Um barulho no andar abaixo chamou nossa atenção.

-Deve ser apenas um zumbi preso que ainda não achamos- disse Bob- vou verificar.

-Vou com você- disse.

-NÃO- Michael protestou- Você fica até termos certeza de que não é nada perigoso.

-Eu vou com ele- afirmei me levantando. Bob foi quem reclamou dessa vez.

-Ele está certo Maria, a sua segurança é mais importante agora do que nunca, estamos perdendo todo o foco da nossa missão e não podemos mais correr riscos. Você fica.

-Mas eu sei me defender- argumentei.

-Nós não duvidamos disso- disse ele- Só que a sua vida vale mais que o capricho de ser útil. Não é por você, é pelo que você é. Você tem uma responsabilidade enorme nas mãos e nós precisamos garantir que tudo fique em cima dos trilhos, mesmo que seja difícil.

Eu senti o meu sangue ferver, ser útil não era um capricho, era uma necessidade, eu não queria depender de ninguém, queria mostrar a todos eles que era uma sobrevivente, mas depois das palavras de Bob eu não insisti, não queria ficar ao lado dele em uma ronda se era isso que ele pensava de mim. Me sentei próxima da janela e não olhei para ninguém. Ignorei a conversa dos soldados até que tornei a ouvir a voz de Bob.

-Não era um zumbi, não encontrei nada vivo lá embaixo e nada que estivesse fora do lugar.

-Vamos ficar alertas essa noite- disse Alec- podemos ter intrusos.

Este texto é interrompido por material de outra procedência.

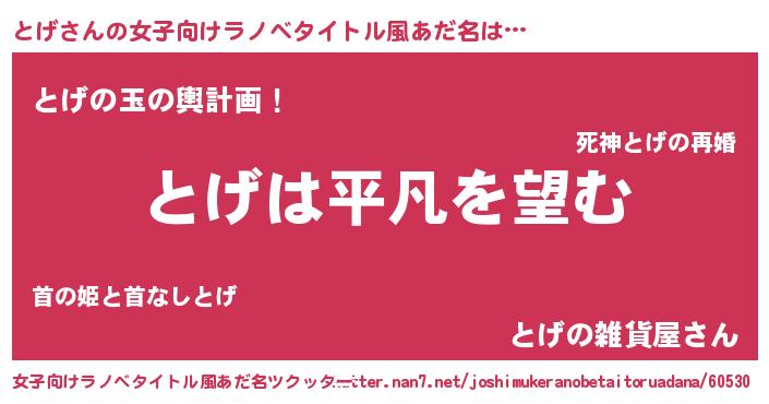 | ピコ太郎風あだ名 | 『トゲ二郎』『ピト次郎』『トト太郎』 |

-Pego o primeiro turno - falou Bob, e então outros horários foram distribuídos. Eu encarei Josh com evidente desejo de ganhar o que fazer mas tudo o que ele fez foi me lançar um olhar de "nem adianta perder seu tempo" .

Comi uma lata de sopa fria e resolvi sair para pensar um pouco.

-Onde você vai? Pediu Michael

-Respirar- respondi contra vontade- Tem muito ar respirado nesse cômodo.

-Nesse caso Alec irá com você- respondeu tranquilamente enquanto comia feijões de uma lata amassada.

-Eu não preciso de guarda-costas- respondi com raiva mas ele apenas arqueou as sobrancelhas e voltou a comer.

-Vou com ela- interpôs Daryl.

-Fique fora disso Dixon- respondi a ele. Mas quando eu sai do quarto ele me seguiu mesmo assim.

-Você não precisa continuar bancando a babá- falei enquanto descia as escadas.

-Não estou fazendo isso por você- disse ele passando a minha frente- Estou fazendo por mim. Esses caras são um saco as vezes.

Ele chegou ao primeiro andar e rumou até a porta. Eu senti raiva e solidão pela indiferença dele mas não disse nada. Ele tirou os entulhos que empilhamos contra a porta da frente e segurou a maçaneta.

-Vamos caçar alguma coisa- sugeriu, e quando abriu a porta havia uma arma apontada para seu rosto.

-Ou vamos ser caçados- comentei me preparando para mais uma batalha.